Time series analysis and spatial autocorrelation analysis of dengue data in China from 2011 to 2018
10.16462/j.cnki.zhjbkz.2019.10.018
- Author:
Hui-xin YANG
1
;
Chen-hao ZHAO
;
Jing-jing LUO
;
Fang-fang HU
;
Si-wen ZHANG
;
Tai-jun WANG
;
Qing ZHEN
Author Information
1. Jilin University School of Public Health, Changchun 130021 China
- Publication Type:Research Article
- Keywords:
Dengue fever;
Time series;
Global spatial autocorrelation analysis;
Spatial clustering analysis
- From:
Chinese Journal of Disease Control & Prevention
2019;23(10):1250-1254
- CountryChina
- Language:Chinese
-
Abstract:
Objective To understand the spatial and temporal distribution characteristics of dengue fever in China from 2011 to 2018, and predict the incidence of dengue fever in China in 2019. Methods Based on the case data of dengue fever in China from 2011 to 2018 in the Chinese Disease Prevention and Control Information System, the trend of dengue fever was described and predicted by using the autoregressive integrated moving average model (ARIMA) with R 3.6.0 software. Based on the data of the incidence of dengue fever in the country, provinces and cities from 2011 to 2016 provided by the national scientific data sharing platform for population and health, global and local spatial autocorrelation analysis was performed using GeoDa 1.12 software to determine the dengue fever hotspots. Results The incidence of dengue fever was 14 302 in 2019, showing no disease outbreaks. The incidence of dengue fever in 2012(Moran’s I=-0.088, P=0.037), 2013(Moran’s I=-0.121, P=0.040) and 2014(Moran’s I=-0.076, P=0.045) showed a global spatial negatively correlaton.
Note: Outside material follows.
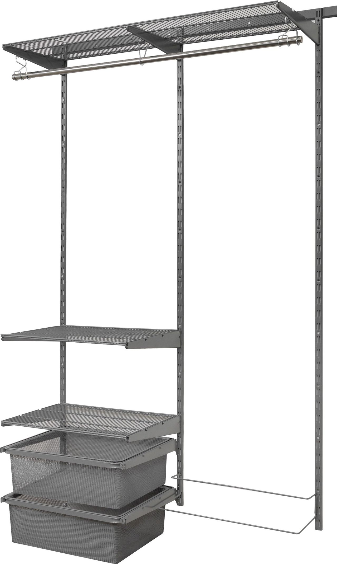 System zabudowy INTEGRI® jest modułowym rozwiązaniem dla osób, które szukają praktycznego i estetycznego sposobu na organizację przestrzeni. Pozwoli on zagospodarować nie tylko garderobę, ale również garaż, pralnię, warsztat czy dowolne pomieszczenie gospodarcze. Elementy Systemu INTEGRI® wykonane z wysokiej jakości materiałów, co gwarantuje trwałość i estetykę wykończenia. Dostępne są w różnych wariantach kolorystycznych oraz rozmiarach, dzięki czemu idealnie dopasują się do Twojego pomieszczenia i stylu. System INTEGRI® pozwala wygodnie przechowywać wszystkie swoje ubrania, buty, biżuterię, akcesoria i inne przedmioty. Dodatkowo, nasz system umożliwia łatwe dostosowanie przestrzeni do zmieniających się potrzeb, dzięki czemu zawsze będziesz mieć uporządkowane i schludne wnętrze. Nasze gotowe rozwiązania stanowią łatwy sposób na odmianę swojego wnętrza i mogą posłużyć za inspirację do wykreowania unikalnego stylu. Przedstawiamy zestaw przechowywania w szafie lub garderobie, który pomoże on w organizacji ubrań i butów. Rozwiązanie zawiera szyny ze wspornikami, półki z drutu, drążek na ubrania, kosze mesh oraz uchwyt na buty. Przykręć szyny do ściany, zamocuj wsporniki oraz pozostałe elementy. Zestaw można uzupełnić dowolnymi elementami INTEGRI. W komplecie znajdują się wkręty i kołki do przykręcenia szyn do ściany. Wymiary kompletu: Wysokość: 200 cm Szerokość: 125 cm Głębokość: 42 cm Kolor: szary Rozwiązanie zawiera następujące elementy: LP NAZWA WYMIARY ILOŚĆ 1 Szyna pozioma 1250x43 1 2 Listwa 2000 3 3 Wspornik podwójny 430x73 3 4 Wspornik pojedynczy 430x70 4 5 Półka druciana 407x1165 1 6 Półka druciana 407x582 2 7 Drążek 1245x25 1 8 Zaślepka do drążka 2szt fi25 1 9 Uchwyt drążka podwójny 106x76 2 10 Uchwyt drążka pojedynczy 110x74 1 11 Uchwyt na buty 573,5x194x97 1 12 Rama kosza 572x426 2 13 Kosz mesh 535x410x185 2

In 2016(Moran’s I=0.078, P=0.048), the incidence of dengue fever was positively correlated with global space. The results of local autocorrelation analysis showed that the high incidence of dengue fever was mainly in the southeast coastal areas of China. Conclusions In 2019, the epidemic of dengue fever in China showed no obvious fluctuation trend, and the epidemic situation showed spatial clustering distribution.